▸ **Source data**
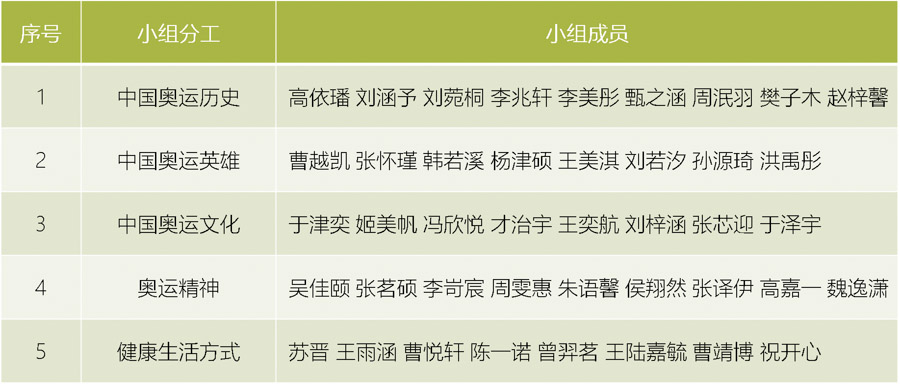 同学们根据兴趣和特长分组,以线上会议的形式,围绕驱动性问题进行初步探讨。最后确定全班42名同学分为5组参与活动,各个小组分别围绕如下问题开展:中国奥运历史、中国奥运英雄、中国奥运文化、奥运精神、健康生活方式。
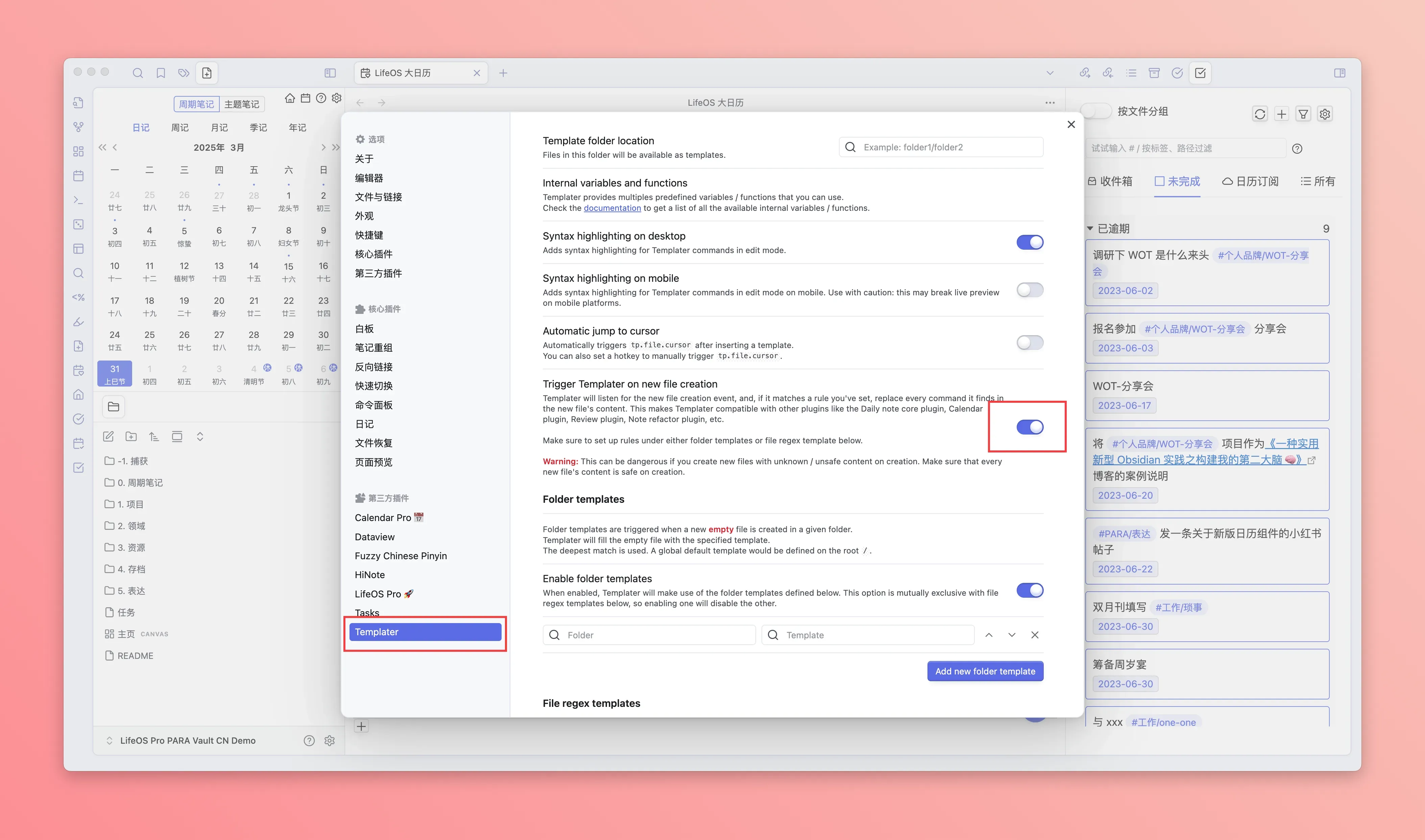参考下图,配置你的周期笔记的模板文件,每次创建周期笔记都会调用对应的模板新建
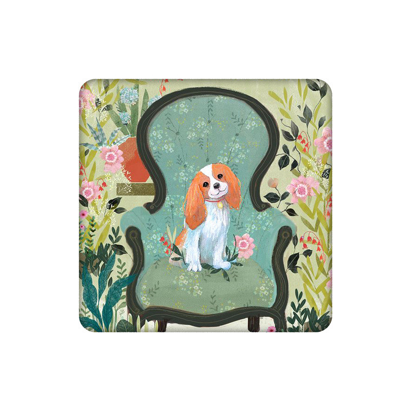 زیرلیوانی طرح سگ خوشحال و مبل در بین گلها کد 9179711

▸ **Work order**
All of the data must be set down exactly, with no pictures included.

▸ **Written response**
 同学们根据兴趣和特长分组,以线上会议的形式,围绕驱动性问题进行初步探讨。最后确定全班42名同学分为5组参与活动,各个小组分别围绕如下问题开展:中国奥运历史、中国奥运英雄、中国奥运文化、奥运精神、健康生活方式。
参考下图,配置你的周期笔记的模板文件,每次创建周期笔记都会调用对应的模板新建
 زیرلیوانی طرح سگ خوشحال و مبل در بین گلها کد 9179711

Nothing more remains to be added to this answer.